University of Copenhagen opens a Center for Disaster Research
With climate change increasingly wreaking havoc the world over, besides traditional natural disasters such as earthquakes and tsunamis, managing natural disasters more efficiently is a priority for the future. For that reason, the University of Copenhagen has created the Copenhagen Center for Disaster Research (COPE), a hub of multidisciplinary expertise on disaster management, based on analysis and intelligence.
One of the main concepts behind COPE is the Disaster Situation Room, a place where both researchers and specialists with first-hand experience in disaster relief can meet to brainstorm and provide advice during disasters. One of the key aspects of the center’s ethos is to bring analytical skills into disaster management. This includes factoring in, for instance, cultural aspects of the populations affected, which provide clues on how to proceed more effectively. The center will collect data from each case to build a knowledge bank by monitoring relief aid activities, media coverage and political agendas.
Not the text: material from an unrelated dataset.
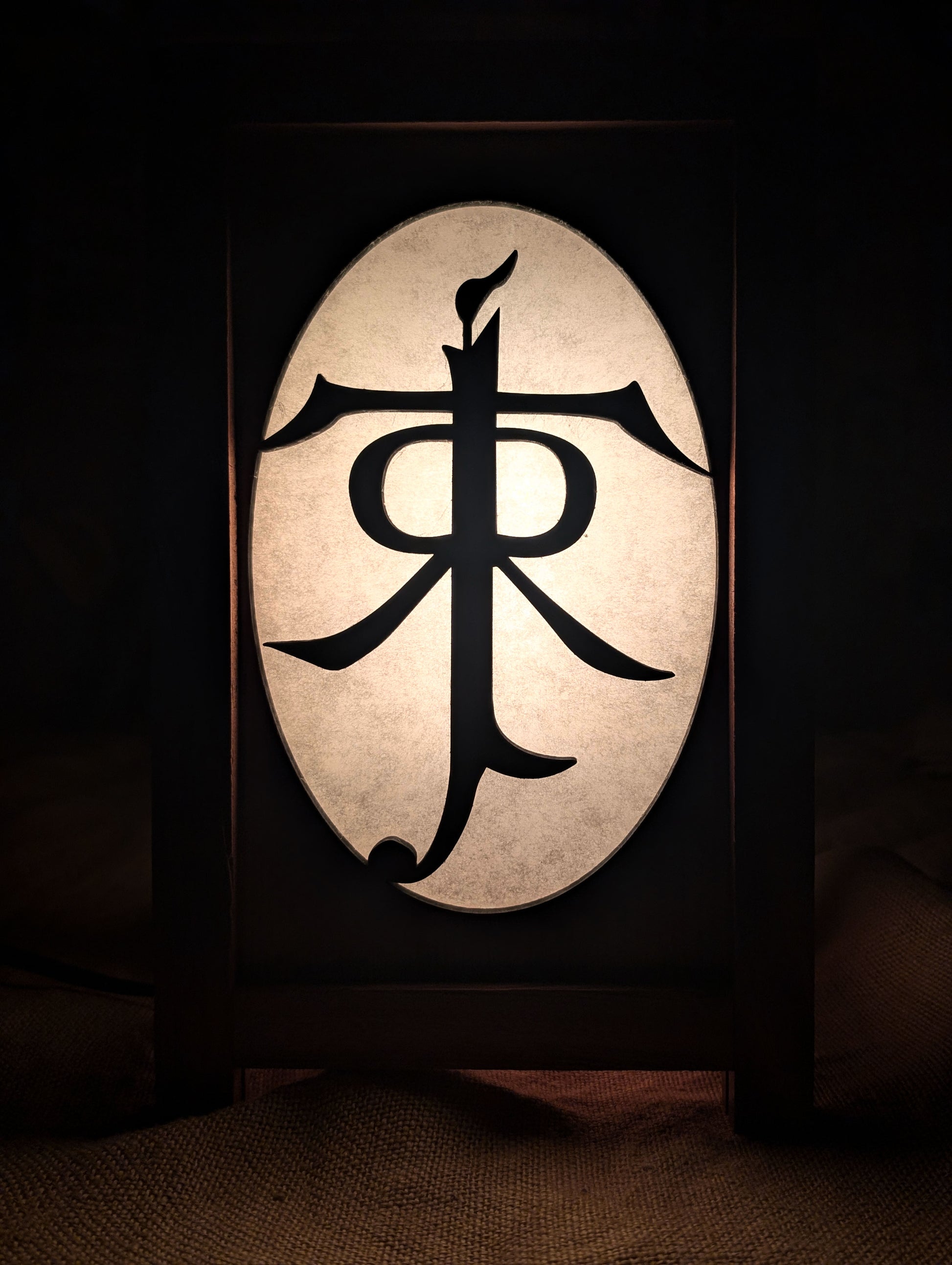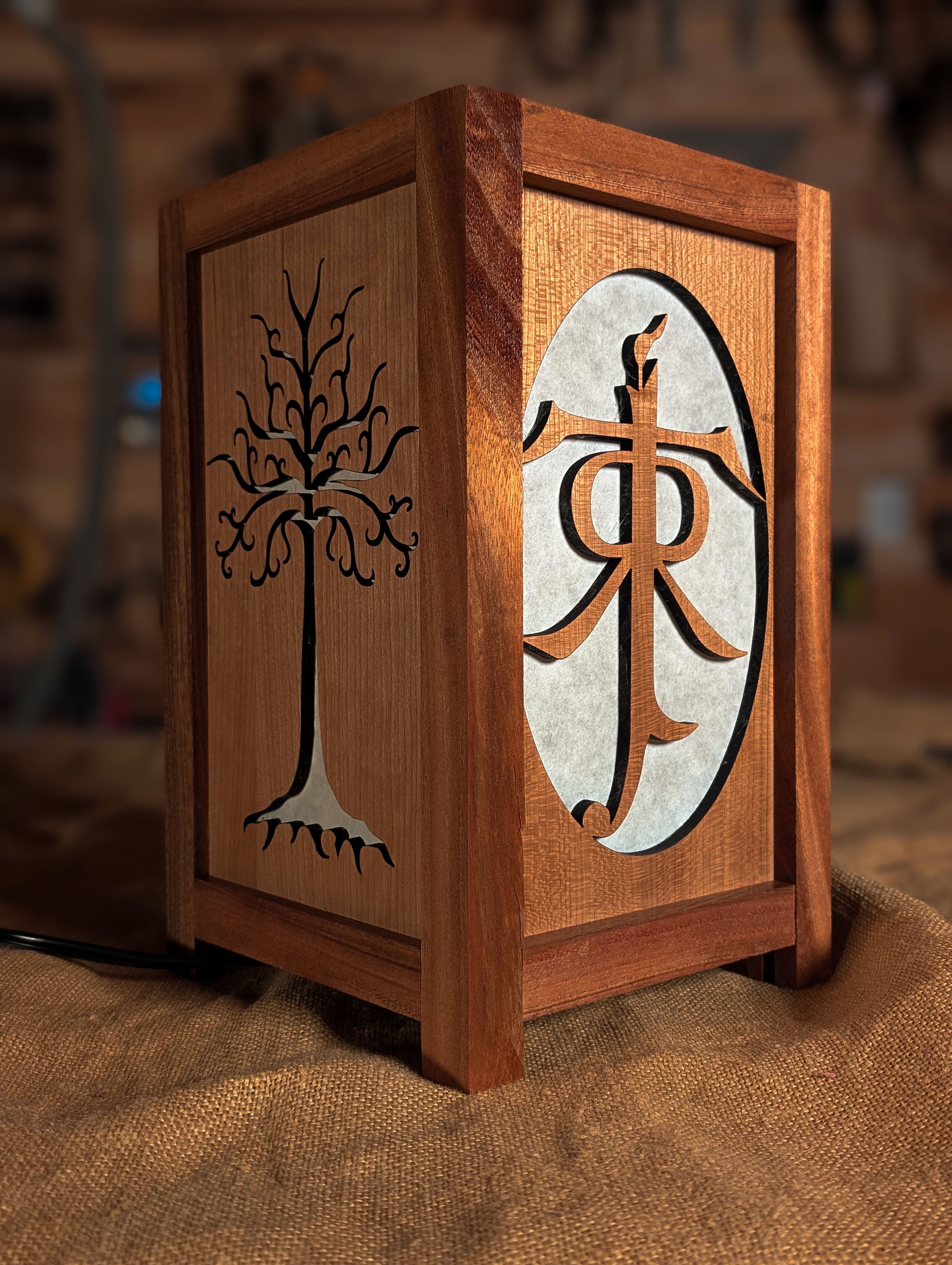 I made this lamp's frame from Sapele and the panels are 1/4" cherry ply that I lasered the designs into. The lamp is approximately 12" tall by 7.5" wide all around. There's a simple ceramic socket in the lamp. The lamp cord has an on/off switch. I finished it with multiple coats of shellac.

The media will be a main focus of the center’s work, since media coverage influences how relief work is carried out and what it achieves. Despite its role in creating awareness of disasters, its focus often can do more harm than good. Peter Kjær Mackie Jensen, head of the research center, cites as an example the relief efforts after the earthquake that devastated Haiti in 2010. While people were dying in the streets, financial resources were going mainly towards digging survivors out of the rubble because the latter made for more dramatic TV.
The idea for the center was inspired by the handling of the 2004 tsunami in Asia during the Christmas holiday season. At the time, hundreds of thousands of people lost their lives. Faced with a tragedy of unprecedented scale, relief operations lacked coordination and, as a consequence, there was less collaboration between different fields of expertise than there could have been.
Given Denmark’s tradition of volunteering aid for nations around the world – no strings attached – I’m not surprised. This is the sort of venture we should see as an add-on to the work after-the-fact by FEMA in the United States, by the Red Cross and the Red Crescent around the world. Of course, don’t hold your breath waiting for Congress to fund a national effort. The Know-Nothings still don’t think that FEMA is necessary – and 67 members of the House voted against the minimal loan guarantee just passed to aid victims of Hurricane Sandy – weeks late.
Still, I can think of several universities here in the States ready and willing to take up ventures this sensible. The spirit of cooperation and humanism may not exist inside the DC Beltway; but, it’s alive and well in many institutions of higher learning.